Chassis. You may use either a Losi mini latemodel chassis. Or you may convert you existing Losi minislider into the mini late model. Parts are available from Horizon hobbies. No other chassis allowed. 

Body. You may only use the 1/12th scale Monte Carlo or Charger bodies from McAllister racing bodies. Body must be full perimeter NO cutting out the rear of the body. No rear spoilers allowed. body must have numbers on roof and doors.

Motor. You must run the stock motor the car came with (RX280) only no other motors or mods allowed. you may use any pinion. spur gear to remain stock tooth size. 

Wheels and tires you may mix the minislider and mini late model tires. to include the after market rims with the minislider tires. example. mimisliders front and rear or mini latemodel rears left front mini slider and right front mini latemodel. etc. you get the piture. 

Batteries up to a 7.2v 1500mah nimh pack for this size of R/C car. 

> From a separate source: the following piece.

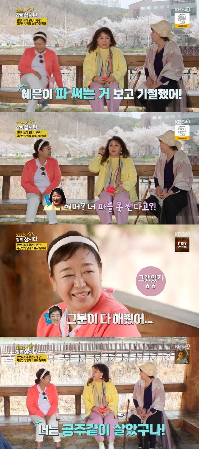 방송에서 파를 못 써는 혜은이의 모습을 보고 깜짝 놀랐다는 장미화는 김동현이 다 해줘서 진짜 파를 못 썬다는 혜은이의 말을 듣고는 "어머, 너는 공주같이 살았구나! 나는 밥하랴, 설거지하랴, 애 키우랴, 돈도 갚아줬는데 했더니 혜은이가 언니 그게 다는 아닌데 했다"고 전해 모두를 폭소케 했다.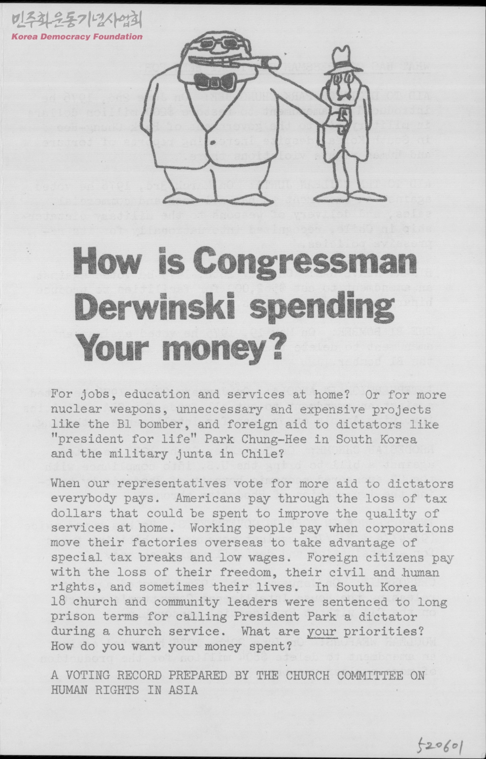 - What has congressman Derwinski been for - aid to dictator Park Chung-hee - aid to the chilean junta - binary nerve gas - the BI bomber - intervention in Angola 등 What has congressman Derwinski been against - social security - jobs - consumer protection - education - firefighters benefits 외.

Radios. any AM 27mhz-75mhz. or 2.4 ghz.





















:thumbsup:


----------



## Guest (Apr 2, 2009)

D&D Race said:


> Minicups
> Ok From my last thread which one looks the best? I agreed with both the Minicup and the mini latemodel. But because I run blacktop I think the minicup was the best route to go If I had a dirt track this would be a no brainer:freak:. So I chose using the Stock car body from of course McAllister Racing bodies. These are 1/12th scale pan chassis bodies on a 1/18th scale losi mini late model. This combo gives it that minicup look. the rules I came up with are simple.
> 
> Chassis. You may use either a Losi mini latemodel chassis. Or you may convert you existing Losi minislider into the mini late model. Parts are available from Horizon hobbies. No other chassis allowed.
> ...


How come you can't run a spoiler, don't downforce mean anything to you, where could you buy these cars at and how much are they. I think that #3 is better. Nice Rims.:thumbsup:


----------



## DAVON (Aug 18, 2005)

THEY HAVE A COT BODY FOR THE MINI LATE MODEL NOW.:thumbsup:
http://www.mcallisterracing.com/racing/page15.html


----------



## D&D Race (Oct 13, 2008)

trust me plenty of downforce just keeps people from either having to much or too little of a spoiler. the COT is going to be another project still working on some other ideas. with that body.


----------